The U.S. Food and Drug Administration (FDA) has started creating an active post-market surveillance system for medical devices that can help the agency identify faulty equipment and take necessary action such as recalls, according to a recent report by the Government Accountability Office (GAO).
The FDA reviews the safety and effectiveness of medical devices.
The FDA started efforts to establish the surveillance system, which would collect “real-world evidence” of adverse events related to medical devices, including from sources such as electronic health records and billing claims, according to the GAO report.
So far in August, there have been three recalls ranging from faulty heart pumps to nerve monitoring systems.
For instance, the FDA set up a cloud-based data infrastructure in 2021 to collect evidence of medical device performance. The agency is planning to start active post-market surveillance of two medical devices by December this year.
In 2024, the FDA’s surveillance will start collecting data for two devices from 10 million patients, which will expand to 10 devices and 30 million patients by 2026. From 2027 onward, the number of patients will be raised as needed. The number of surveilled devices will rise to 14 in 2027 and then to 18 or more a year later.
FDA officials reported two key challenges in establishing the surveillance system. First is the limited use of unique device identifiers in electronic health records and billing claims. This makes it difficult for the agency to identify devices used by patients.
To tackle the issue, the “FDA has taken actions to encourage use of unique device identifiers, such as coordinating with federal entities and publishing a document advertising the benefits of use to health systems,” the report noted.
The second issue concerns the funding required to support the active surveillance program, which is estimated to cost $8 million annually.
“Recalls must be conducted in an efficient manner in order to mitigate harm. However, this does not happen all of the time,” the letter said, pointing to the 2021 recall issued by Philips Respironics. The recall pulled out millions of machines used by patients with sleep apnea, COPD, and other respiratory conditions to help them breathe.
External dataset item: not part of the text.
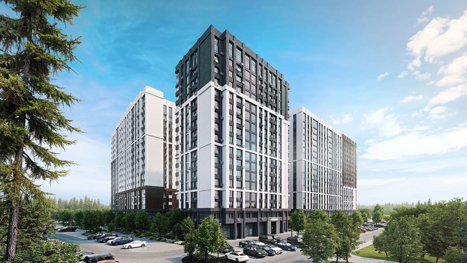 Комплекс займёт территорию площадью 34,4 га, где планируется построить 21 монолитно‑кирпичный дом переменной этажности — от 13 до 17 этажей. Строительство ведётся поэтапно: в первой очереди возводятся три корпуса на 656, 448 и 176 квартир.

The company received “thousands of additional adverse event reports for more than a decade” but failed to report them to the FDA or initiate a recall, the letter stated.
The report “suggests that FDA knew Philips Respironics had a history of withholding adverse event reports from the agency, but still allowed it—and other medical device manufacturers—to submit late adverse event reports without appropriate enforcement for such violations,” the senators wrote.
The FDA reportedly received at least 30 adverse event reports of Phillips’s machines before the recall, they said.
The lawmakers pointed out that an earlier GAO report from 2011 found FDA’s oversight of medical device recalls “often failed to conduct recall-related inspections.” These insights were crucial when Congress passed the Food and Drug Administration Safety and Innovation Act in 2012.
“Given recent reporting and the dramatic increase in recalls since then, it is clear that GAO and Congress must examine FDA’s oversight of medical device recalls once again,” the lawmakers wrote.